In carrying out its mandate, the Board of Directors has established three committees: an Audit Committee, a Compensation and Governance Committee and a Health, Safety and Environment Committee. Each of these Committees assist the Board in overseeing aspects of Keyera's activities within their respective areas of expertise.
Overall, the Board and its Committees work together closely to advance the interests of Keyera, its affiliates and its Shareholders, in a way that integrates and respects the collective interests of employees, customers, suppliers and the communities in which we operate and the general public, and to promote the long-term goals of Keyera to grow value responsibly and in a sustainable manner.
Keyera has a proud history of strong corporate governance. We believe this commitment is critical to remaining resilient and aligned with stakeholder interests over the long-term."
We are committed to conducting business ethically, legally, and with integrity and honesty. Our reputation is founded on the relationships we have built with our stakeholders, including suppliers, customers, shareholders, competitors, regulators, and the public. We are committed to treating people fairly, respecting diversity, accepting accountability and communicating openly.
We build value by meeting high standards of professional conduct, and when challenges arise, we act in a way that is consistent with our core values in an effort to resolve issues in a respectful manner.
Directors, officers, employees, contractors and consultants are expected not only to comply with all applicable laws and regulations, but also to avoid situations where their personal interests could conflict, or appear to conflict, with their duties and responsibilities to us and our affiliates.

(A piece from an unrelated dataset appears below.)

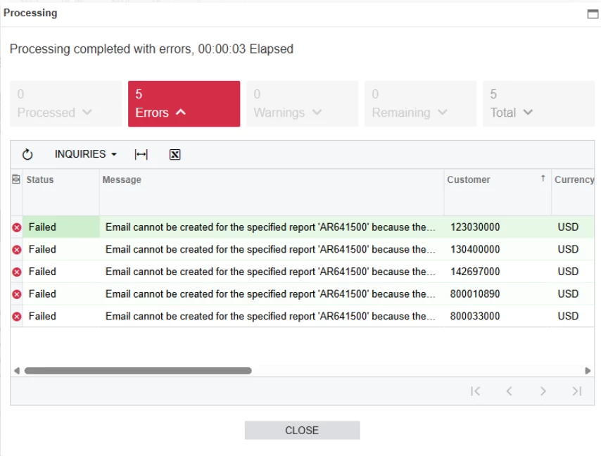 Email cannot be created for the specified report 'AR641500' because the report has not been generated or the email settings are not specified.

The Board of Directors has adopted a Code of Business Conduct which applies to our all directors, officers, employees and contractors. Oversight of the Code and associated policies lies with the Board’s Compensation and Governance Committee. In support of the Code, we have approved business conduct policies covering various matters, including but not limited to:
- insider trading,
- conflicts of interest,
- anti-bribery and facilitation payments,
- political contributions; and
These policies are intended to reinforce our commitment to operating with integrity and in accordance with applicable laws. They describe our values, principles and standards that guide our decision making. Detailed definitions and guidance can be found in the full internal policies and we have adopted a number of specific procedures and guidelines to facilitate compliance with the Code and policies. Where local laws impose a lower standard than our policies, we comply with our higher standards. A review of these policies is part of every new hire orientation. Directors, officers, employees and contingent workers are expected to review and agree to these policies and we conduct an annual re-certification. Our Code is also shared with all of our suppliers.
Access our whistleblower hotline, independently operated by the forensic accounting and investigative services practice of Grant Thornton LLP, to report any concerns to a neutral third party on a confidential basis for investigation. Quarterly reports from the whistleblower hotline are provided to Keyera’s Audit Committee.

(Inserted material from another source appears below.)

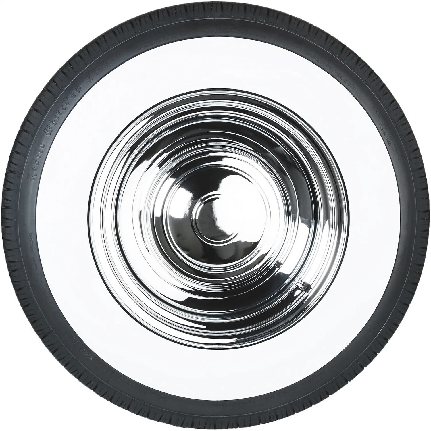 The Kontio Tyres WhitePaw Classic is a touring, summer tire manufactured for passenger vehicles and SUVs. This model features a wide white sidewall, which offers a vintage aesthetic.

Phone: 1-855-484-CARE (2273)
Email: [email protected]
Extractive Sector Transparency Measures Act (ESTMA)
Meeting Reporting Expectations: The vast majority of Keyera’s business involves midstream activities which are not covered by ESTMA. However, we do engage in oil and gas production as a result of our ownership of reserves associated with some of our facilities in Alberta. While our oil and gas extraction activities make up only a small portion of our business, we will be filing annual ESTMA reports reflecting applicable governmental payments associated with these activities before the end of May (150 days from our December 31 financial year-end).